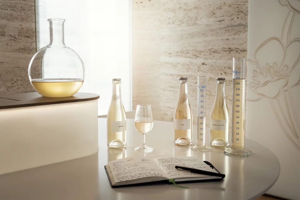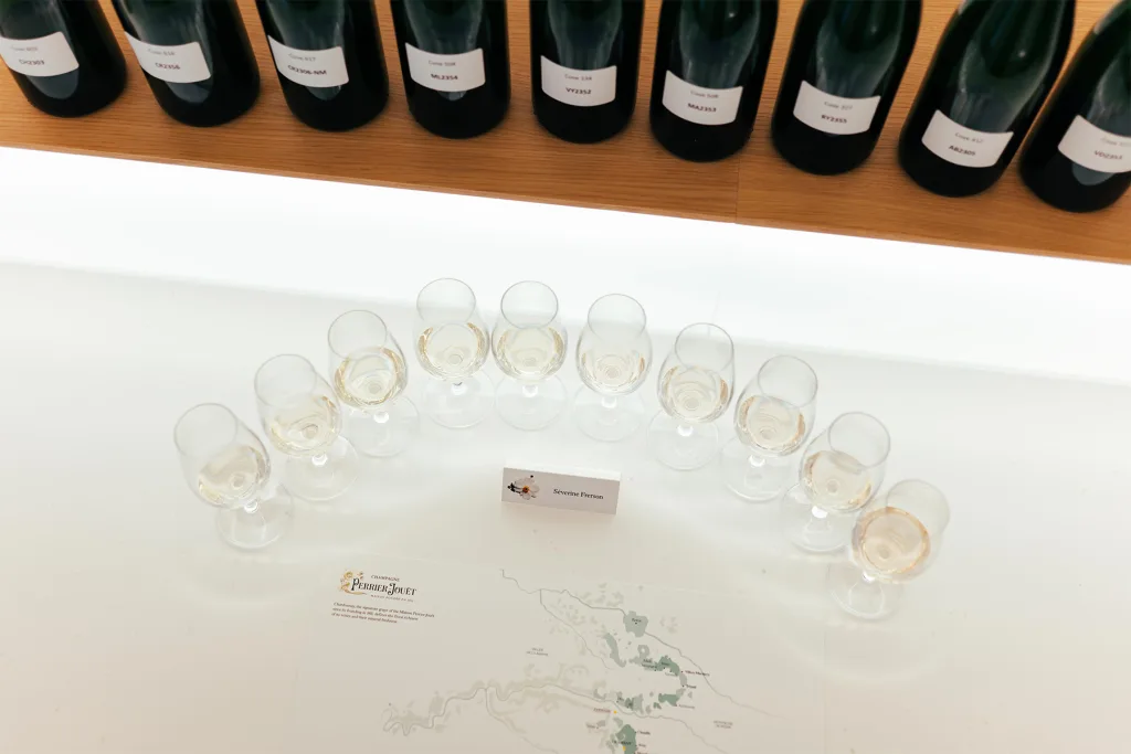 Conceived as a true experience, the tasting room extends the language of the wine through its architecture. Located in Épernay, within the historic buildings of Maison Perrier-Jouët, it provides an intimate setting dedicated to expertise and exchange. The Cellar Master welcomes wine experts to present the composition of the Champagnes, the blending process, and the philosophy behind each cuvée.
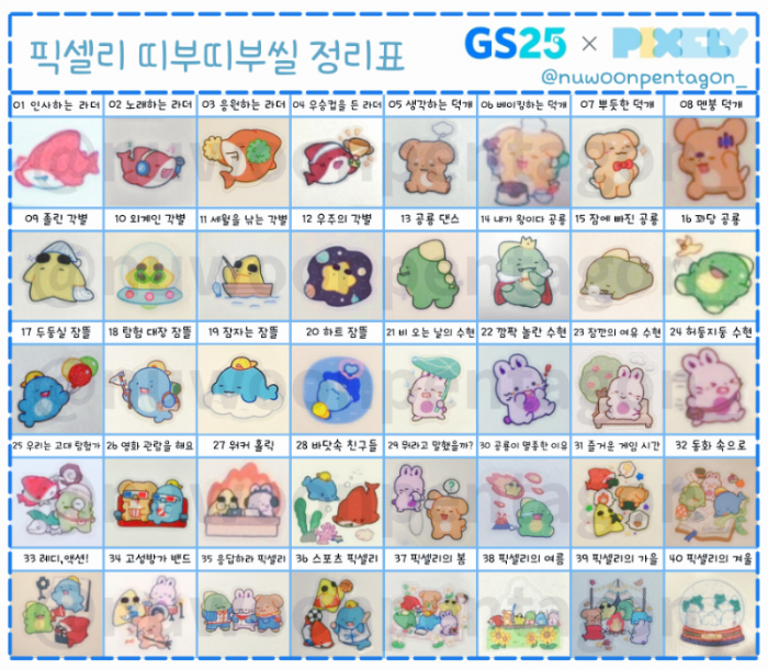 총 40장의 띠부띠부씰이 들어가 있습니다.
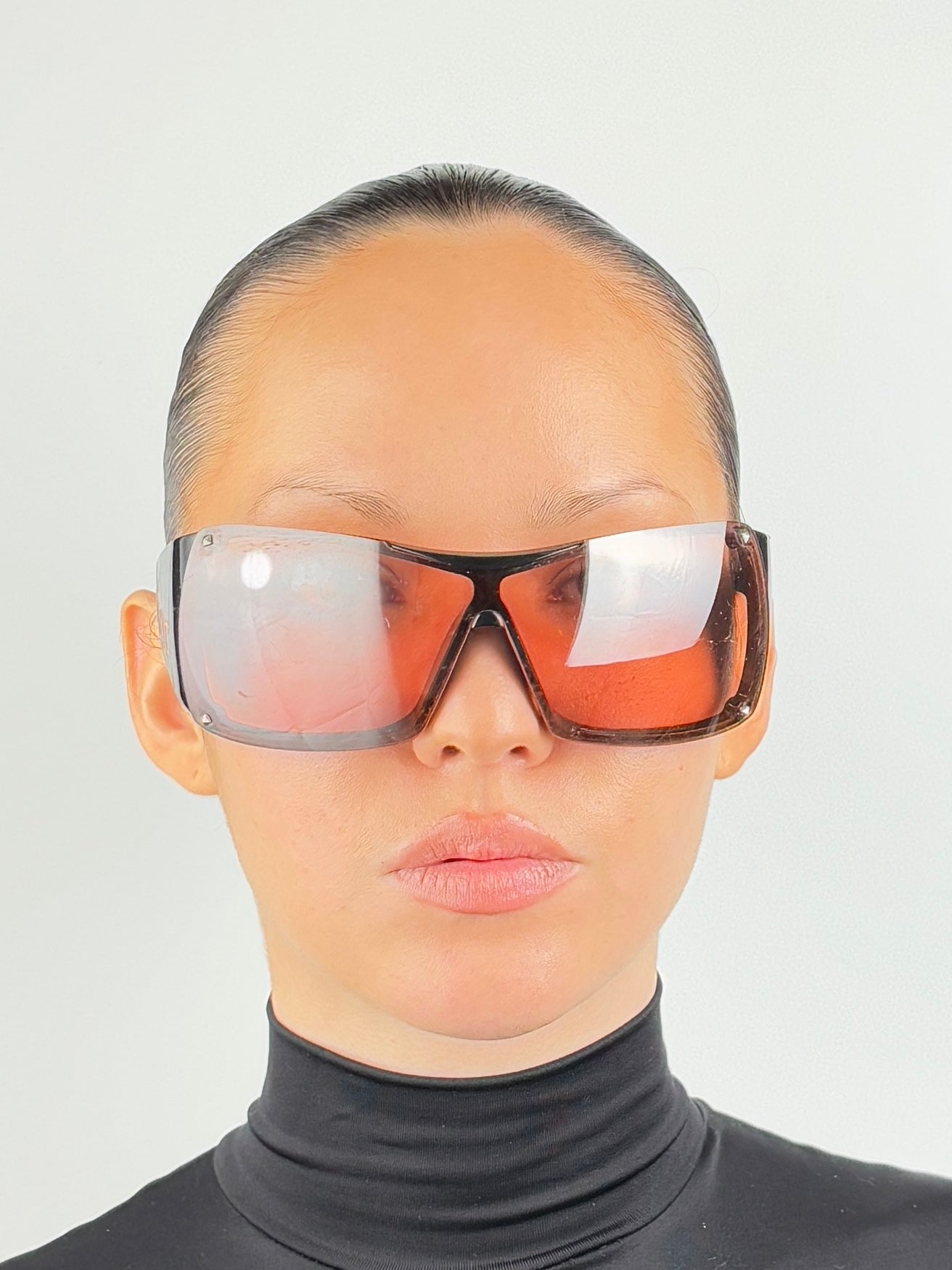 An unmistakable Dior Overshine model from the early 2000s, designed under John Galliano and known for its bold proportions and oversized silhouette. A true statement piece from Dior’s most experimental eyewear era.
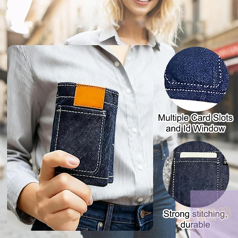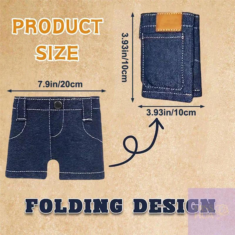 1,Fashionable Denim Wallet Design:Shaped like a mini pair of jeans, this clever denim wallet turns your money storage into a chic fashion statement. With detailed stitching and a playful pants-style look, it securely tucks away bills, coins, and cards in a fun, stylish way—a unique accessory that always stands out from the ordinary.2,Instant Conversation Starter:Take out this mini jeans wallet at checkout or while traveling, and watch the reactions! Its funny pocket pants design never fails to spark smiles, laughter, and curiosity, making it more than just a card holder—it’s a mini comedy show in your pocket that brings joy every time.3,Compact & Portable Mini Wallet:Slim, lightweight, and foldable, this mini jeans wallet foldable design fits easily into handbags, backpacks, or larger pockets, ideal for everyday carry or travel. Despite its compact size, it features multiple slots to hold essential cards, keys, or cash securely.4,Perfect Gift Idea:Looking for a quirky and memorable present? This foldable denim wallet makes a hilarious choice for birthdays, holidays, white elephant parties, or stocking stuffers. Practical yet playful, it’s a great way to surprise friends, family, or coworkers with something both useful and entertaining.5,Fun for All Ages:Whether you’re a teen, an adult who loves novelty, or simply young at heart, this denim wallet for women is guaranteed to bring a smile. A practical and compact card holder wrapped in a playful design, it’s a cheerful addition to anyone’s daily routine.Specification:7.9in x 3.93in/20cm x 10cmColor:Blue/BlackMaterial:FabricUsage:WalletPackage: 1 * WalletNote:1. Please note that the photo does not show actual size, please refer to Description for size details.2. Please allow differences due to manual measurement, thanks.3. Due to the difference between different monitors, the image may not reflect the actual color of the item.
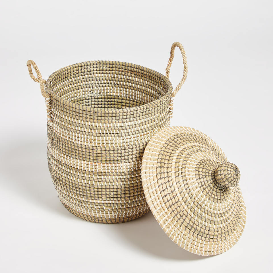Foldable seagrass straw baskets wholesale cost raffia bins sea grass bin basket resort hotel room
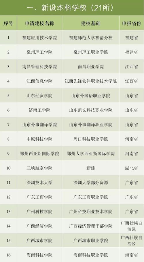 不过,这只是列入专家考察的高校名单,最终结果还需要全国高等学校设置评议委员会的最终评议。

### [Exercise goal]
Set the records down again word for word; the pictures stay out.

### [Task answer]
 Conceived as a true experience, the tasting room extends the language of the wine through its architecture. Located in Épernay, within the historic buildings of Maison Perrier-Jouët, it provides an intimate setting dedicated to expertise and exchange. The Cellar Master welcomes wine experts to present the composition of the Champagnes, the blending process, and the philosophy behind each cuvée.
 총 40장의 띠부띠부씰이 들어가 있습니다.
 An unmistakable Dior Overshine model from the early 2000s, designed under John Galliano and known for its bold proportions and oversized silhouette. A true statement piece from Dior’s most experimental eyewear era.
 1,Fashionable Denim Wallet Design:Shaped like a mini pair of jeans, this clever denim wallet turns your money storage into a chic fashion statement. With detailed stitching and a playful pants-style look, it securely tucks away bills, coins, and cards in a fun, stylish way—a unique accessory that always stands out from the ordinary.2,Instant Conversation Starter:Take out this mini jeans wallet at checkout or while traveling, and watch the reactions! Its funny pocket pants design never fails to spark smiles, laughter, and curiosity, making it more than just a card holder—it’s a mini comedy show in your pocket that brings joy every time.3,Compact & Portable Mini Wallet:Slim, lightweight, and foldable, this mini jeans wallet foldable design fits easily into handbags, backpacks, or larger pockets, ideal for everyday carry or travel. Despite its compact size, it features multiple slots to hold essential cards, keys, or cash securely.4,Perfect Gift Idea:Looking for a quirky and memorable present? This foldable denim wallet makes a hilarious choice for birthdays, holidays, white elephant parties, or stocking stuffers. Practical yet playful, it’s a great way to surprise friends, family, or coworkers with something both useful and entertaining.5,Fun for All Ages:Whether you’re a teen, an adult who loves novelty, or simply young at heart, this denim wallet for women is guaranteed to bring a smile. A practical and compact card holder wrapped in a playful design, it’s a cheerful addition to anyone’s daily routine.Specification:7.9in x 3.93in/20cm x 10cmColor:Blue/BlackMaterial:FabricUsage:WalletPackage: 1 * WalletNote:1. Please note that the photo does not show actual size, please refer to Description for size details.2. Please allow differences due to manual measurement, thanks.3. Due to the difference between different monitors, the image may not reflect the actual color of the item.
Foldable seagrass straw baskets wholesale cost raffia bins sea grass bin basket resort hotel room
 不过,这只是列入专家考察的高校名单,最终结果还需要全国高等学校设置评议委员会的最终评议。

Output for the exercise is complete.